By Stuart Fleming

At a meeting in Frankfurt to mark the end of Jean-Claude Trichet's presidency of the European Central Bank, Helmut Schmidt offered perhaps the clearest geopolitical perspective on the currency crisis from a leading German politician.

"For 200 years we Europeans made up over 20 per cent of the world's population; we now account for no more than 9 per cent, and in 40 years time we will account for just 7 per cent. Each individual EU member state will then represent only a fraction of 1 per cent. And in the same year, 2050, all of Europe together will account for just one tenth of global value added."

He predicted that "perhaps in less than two decades, we will have three global currencies: the US dollar, the euro and the Chinese renminbi."

When German officials speak in private, they leave no doubt that Berlin shares Schmidt's perspective on the diminishing weight in the world of individual European nation states, even their own, although it is arguably the one EU country able to survive in an increasingly competitive global economy.

They are also well aware of the central place of the single currency in the argument. A Europe and a Germany without the euro would be much weaker.

In Britain, this sense of vulnerability is largely absent. Like France, Britain has yet to accept that, before too long, it will be at best a nation state with a medium-sized economy in a world of giants. As a result, British observers have consistently under-estimated the depth of Germany's political commitment to the eurozone.

Seen from Berlin and Paris - but not from London - European integration has always been primarily a political, not an economic, project. Since the spring of 2010, the threat of a contagious European sovereign debt crisis has been viewed largely from the perspective of economists and financial market participants. As a result, too little attention has been paid to the far-reaching initiatives which have been launched in the European Union and the euro area. These include the fiscal treaty which is now moving towards member state approval.

All the steps are aimed, at least in part, at strengthening and deepening the European Union as well as stabilising the single currency. The political opportunities the sovereign debt crisis has presented have not been wasted, although it is still too early to be confident their ambitions will be fulfilled.

Overlooked too, especially in Britain, has been the geopolitical perspective, which Germany, by far Europe's strongest economy, has brought to the crisis-management strategy. This lack of understanding is not surprising: Germany is wary of advertising its longer-term perspective.

Chancellor Angela Merkel knows full well that too much apparent enthusiasm for bailing out eurozone countries will tend to alienate domestic voters. It will also encourage debtors such as Greece to take even more risks at the negotiating table and demand more money for less economic reform.

The efforts made to capitalise on the crisis include initiatives to strengthen the fiscal discipline of the Stability and Growth Pact, especially for eurozone members, and the establishment of minimum standards for national fiscal frameworks including the introduction of national debt brakes.

A new euro area crisis management regime has been created with the European Financial Stability Facility and the European Stability Mechanism, the latter due to be operational in July of this year.
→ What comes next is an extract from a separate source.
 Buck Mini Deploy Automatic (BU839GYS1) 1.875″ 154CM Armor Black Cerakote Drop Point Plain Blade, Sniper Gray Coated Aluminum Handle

Finally, a far-reaching reform of financial market oversight has been introduced, and is now operational.

Some of these initiatives will prove less convincing in practice than on paper.

There are, moreover, as there have been since the 1970s, continuing and very deep fissures between France and Germany on the functioning of European economic co-operation.
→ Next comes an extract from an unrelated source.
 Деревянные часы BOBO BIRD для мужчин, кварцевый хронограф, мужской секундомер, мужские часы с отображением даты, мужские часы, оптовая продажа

Germany remains under global, not just European, pressure, to boost economic growth and share more of its hard won gains in competitiveness with its frailer neighbours, including France.

On this score, critics of Germany should note that, driven finally by domestic consumption, the German economy could be heading for a boom once the cyclically weak first half of 2012 is over - a silver lining on an otherwise dark horizon.

(Stewart Fleming is an associate fellow, International Economics, Chatham House.)